Each record that follows is to be duplicated exactly, though its pictures are not.

*** Block opens ***

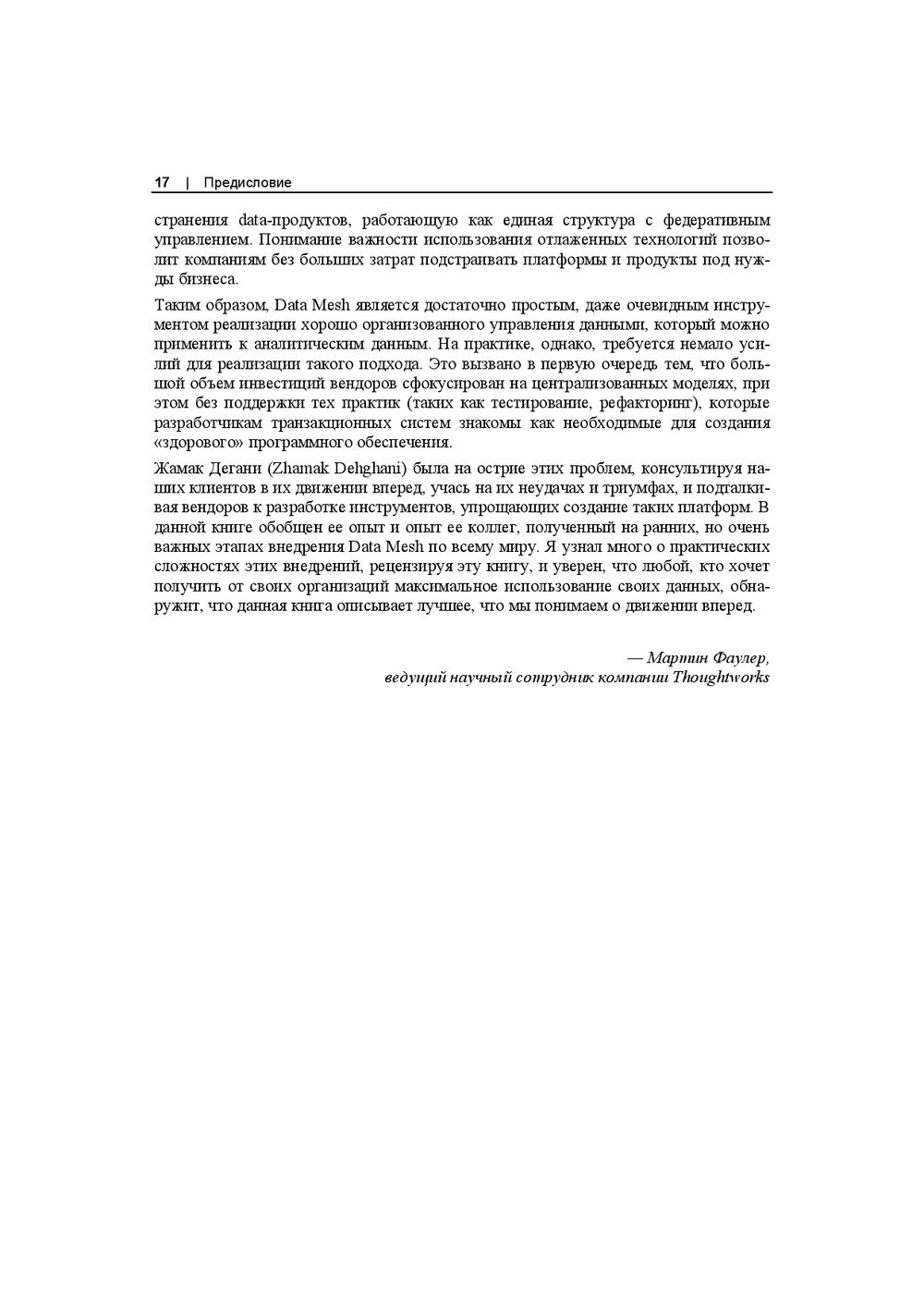 Впервые на русском языке книга об инновационной парадигме Data Mesh, продиктованной современным развитием, децентрализацией больших данных и подходами к их обработке. Изложенная концепция развивает идеи предметно-ориентированного проектирования (DDD) и озера данных (Data Lake), раскрывает принципы федеративного цифрового управления данными.
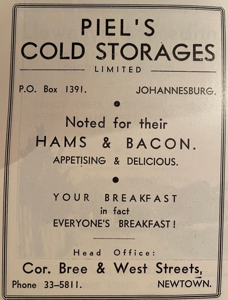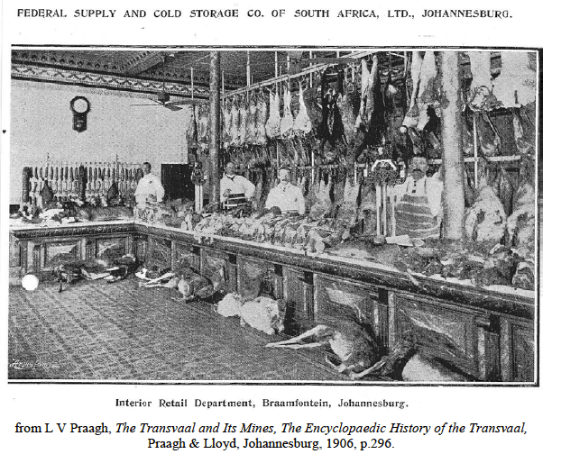 Imperial Cold Storage & Supply Co. was set up in 1902 by De Beers and after the war amalgamated with another cold storage company and was later absorbed by another with interests in several other companies, one being JHB Cold Storage mentioned above. It seems there were many amalgamations with smaller firms, but cold storage competition in Johannesburg came in the form of Federal Supply and Cold Storage, which was itself an amalgamation of butchers Piel & Anghern and other small businesses.
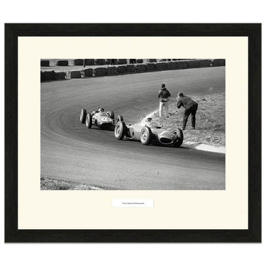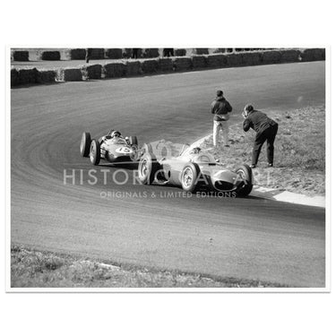 This photograph shows Phil Hill in his Ferrari leading Jim Clark in his Lotus during the 1961 Dutch Grand Prix. The pair finished 2nd and 3rd behind Wolfgang von Trips (Ferrari).
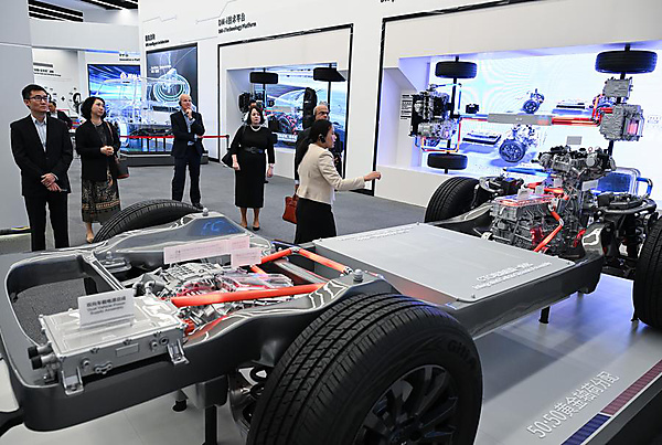 Foreign guests visit an exhibition hall of the headquarters of BYD in Shenzhen, south China's Guangdong Province, July 22, 2024. [Xinhua/Li He] |
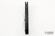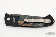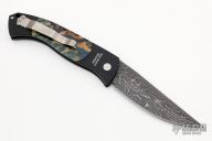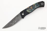 This AIK Custom Brend automatic by Pro-Tech features a Doug Ponzio Damascus blade. Black aluminum handle with custom mammoth tooth inlays done by Adams International Knifeworks, and a satin finished stainless steel clip, tip up carry. Push button has mammoth tooth inlay. Strong coil spring opening, perfect lock up and blade seating. Comes with original box and papers. Excellent condition.
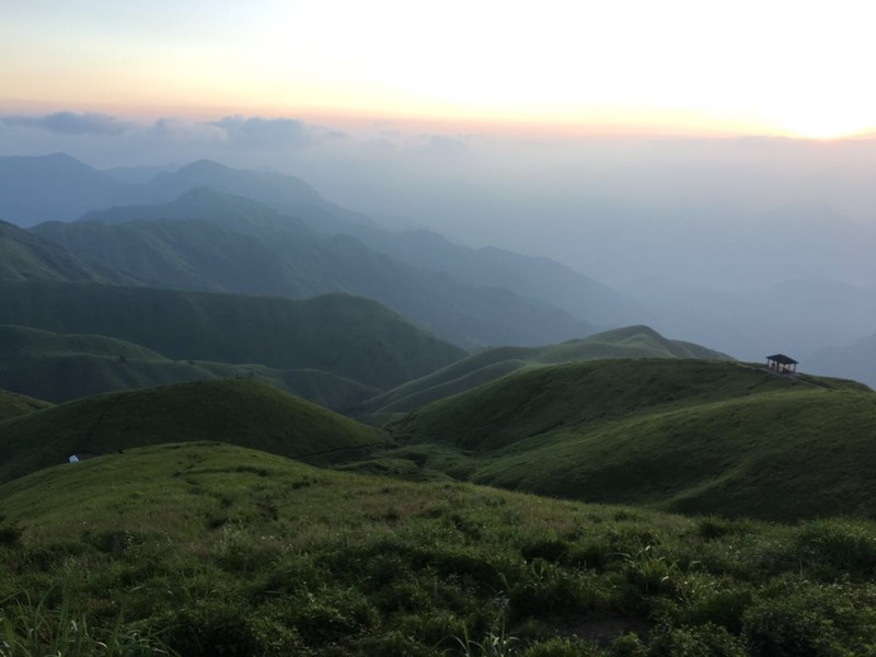 还没出发去武功山的时候,在上海40度的高温,我以为武功山也会这么热,这么晒,准备了各种防暑降温的药品,结果一样没用上,白天温度舒适,晚上把我冻的不行。这次的5人小分队,一个12岁的小朋友,特别厉害,全程打了兴奋剂,一路欢声笑语,我们也霸占了整个武功山,想怎么走就怎么走,横行霸道,我们运气也好到爆,到了吊马桩了,暴雨来临了,正好躲雨,后来到了住的地方,老板看到我们全身都是干的,很不可思议,直夸我们运气好,据说那天晚上半夜3点很多人爬起来,看到了流星雨,懒床的我没起来,后悔啊
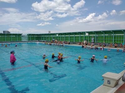1年生にとっては、はじめてのプールです。
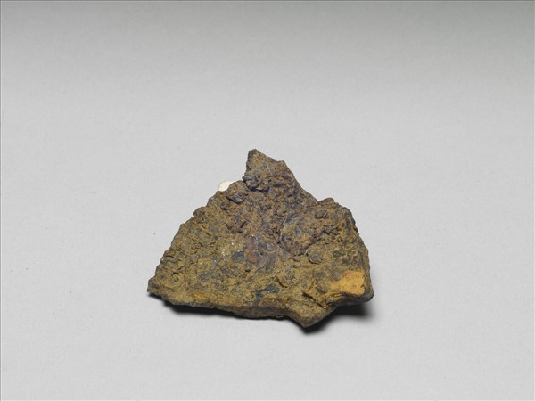 鐵製器物殘件,呈扁平片狀,一面微隆。全器嚴重鏽蝕,表面凹凸不平,其餘部分俱殘。
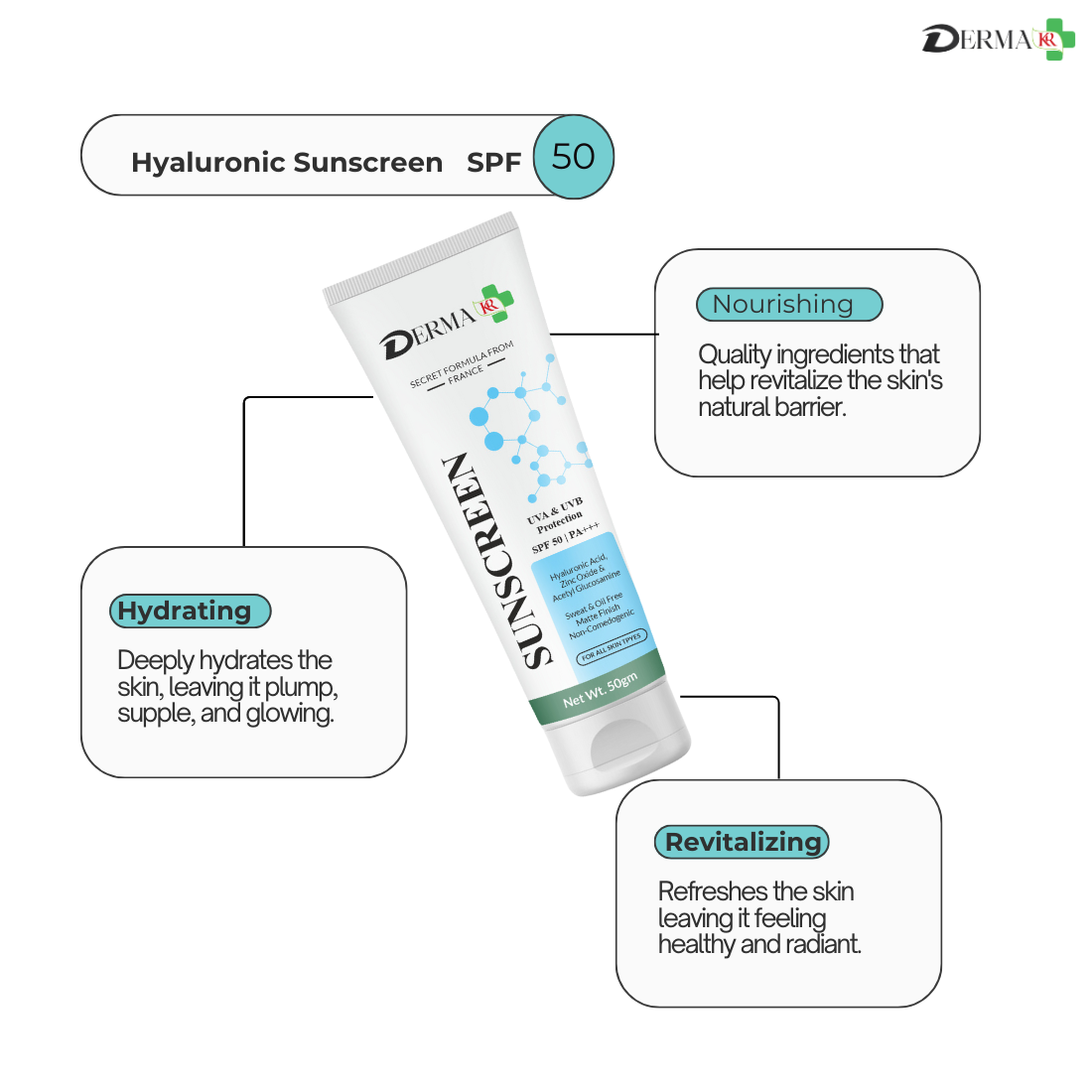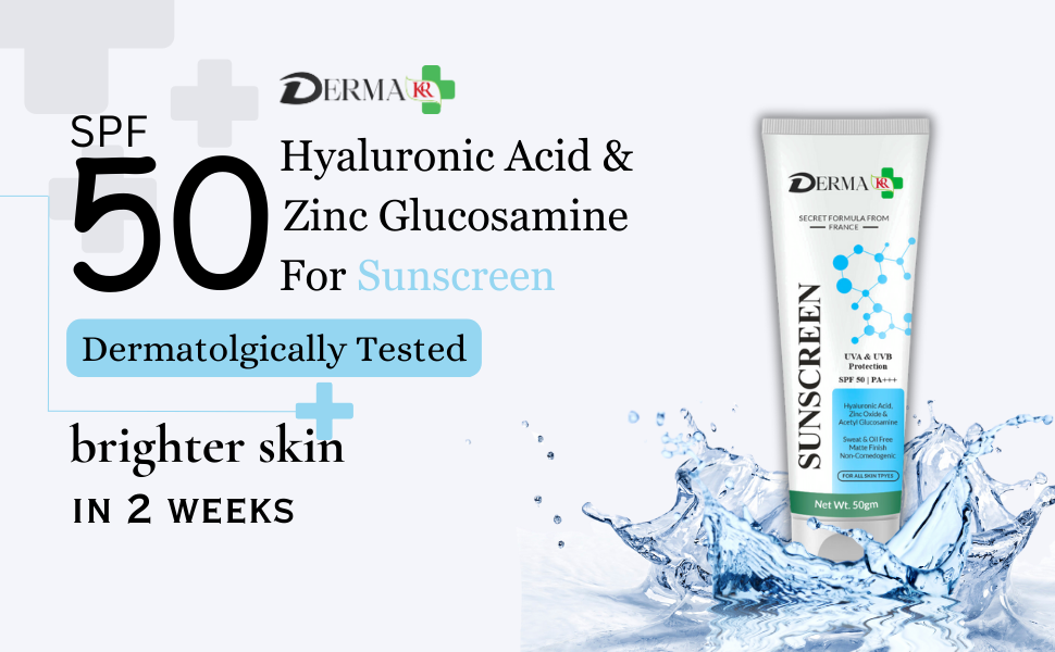 Description:-Sunscreen:-The ultimate blend of cutting-edge sun protection and deep hydration designed to revolutionize your skincare routine. DERMA KR innovative face sunscreen cream combines the unparalleled moisturizing power of hyaluronic acid with advanced SPF technology, delivering a product that not only protects your skin from harmful UV rays but also nourishes and enhances its natural radiance. HyaluGlow Sun Shield SPF is meticulously formulated to provide broad-spectrum protection against both UVA and UVB rays, which are responsible for sunburn, premature aging, and skin cancer. Unlike conventional sunscreens that may leave a greasy or heavy residue, HyaluGlow Sun Shield SPF offers a lightweight, non-greasy texture that absorbs quickly into the skin, making it perfect for daily use and suitable for all skin types, including sensitive skin.Whether you’re hitting the beach, going for a run, or simply spending the day outdoors, HyaluGlow Sun Shield SPF offers water-resistant protection that stays effective even during vigorous activities. This long-lasting formula provides continuous defence against UV rays, allowing you to enjoy your time in the sun without having to frequently reapply.
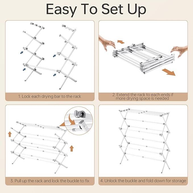 • Easy Assembly - The small laundry drying rack is super easy to put together. Just snap each bar into place and snap the end piece in on top tier for locking

*** Block closes ***

#### FINISHED TASK:
 Впервые на русском языке книга об инновационной парадигме Data Mesh, продиктованной современным развитием, децентрализацией больших данных и подходами к их обработке. Изложенная концепция развивает идеи предметно-ориентированного проектирования (DDD) и озера данных (Data Lake), раскрывает принципы федеративного цифрового управления данными.
 Imperial Cold Storage & Supply Co. was set up in 1902 by De Beers and after the war amalgamated with another cold storage company and was later absorbed by another with interests in several other companies, one being JHB Cold Storage mentioned above. It seems there were many amalgamations with smaller firms, but cold storage competition in Johannesburg came in the form of Federal Supply and Cold Storage, which was itself an amalgamation of butchers Piel & Anghern and other small businesses.
 This photograph shows Phil Hill in his Ferrari leading Jim Clark in his Lotus during the 1961 Dutch Grand Prix. The pair finished 2nd and 3rd behind Wolfgang von Trips (Ferrari).
 Foreign guests visit an exhibition hall of the headquarters of BYD in Shenzhen, south China's Guangdong Province, July 22, 2024. [Xinhua/Li He] |
 This AIK Custom Brend automatic by Pro-Tech features a Doug Ponzio Damascus blade. Black aluminum handle with custom mammoth tooth inlays done by Adams International Knifeworks, and a satin finished stainless steel clip, tip up carry. Push button has mammoth tooth inlay. Strong coil spring opening, perfect lock up and blade seating. Comes with original box and papers. Excellent condition.
 还没出发去武功山的时候,在上海40度的高温,我以为武功山也会这么热,这么晒,准备了各种防暑降温的药品,结果一样没用上,白天温度舒适,晚上把我冻的不行。这次的5人小分队,一个12岁的小朋友,特别厉害,全程打了兴奋剂,一路欢声笑语,我们也霸占了整个武功山,想怎么走就怎么走,横行霸道,我们运气也好到爆,到了吊马桩了,暴雨来临了,正好躲雨,后来到了住的地方,老板看到我们全身都是干的,很不可思议,直夸我们运气好,据说那天晚上半夜3点很多人爬起来,看到了流星雨,懒床的我没起来,后悔啊
1年生にとっては、はじめてのプールです。
 鐵製器物殘件,呈扁平片狀,一面微隆。全器嚴重鏽蝕,表面凹凸不平,其餘部分俱殘。
 Description:-Sunscreen:-The ultimate blend of cutting-edge sun protection and deep hydration designed to revolutionize your skincare routine. DERMA KR innovative face sunscreen cream combines the unparalleled moisturizing power of hyaluronic acid with advanced SPF technology, delivering a product that not only protects your skin from harmful UV rays but also nourishes and enhances its natural radiance. HyaluGlow Sun Shield SPF is meticulously formulated to provide broad-spectrum protection against both UVA and UVB rays, which are responsible for sunburn, premature aging, and skin cancer. Unlike conventional sunscreens that may leave a greasy or heavy residue, HyaluGlow Sun Shield SPF offers a lightweight, non-greasy texture that absorbs quickly into the skin, making it perfect for daily use and suitable for all skin types, including sensitive skin.Whether you’re hitting the beach, going for a run, or simply spending the day outdoors, HyaluGlow Sun Shield SPF offers water-resistant protection that stays effective even during vigorous activities. This long-lasting formula provides continuous defence against UV rays, allowing you to enjoy your time in the sun without having to frequently reapply.
 • Easy Assembly - The small laundry drying rack is super easy to put together. Just snap each bar into place and snap the end piece in on top tier for locking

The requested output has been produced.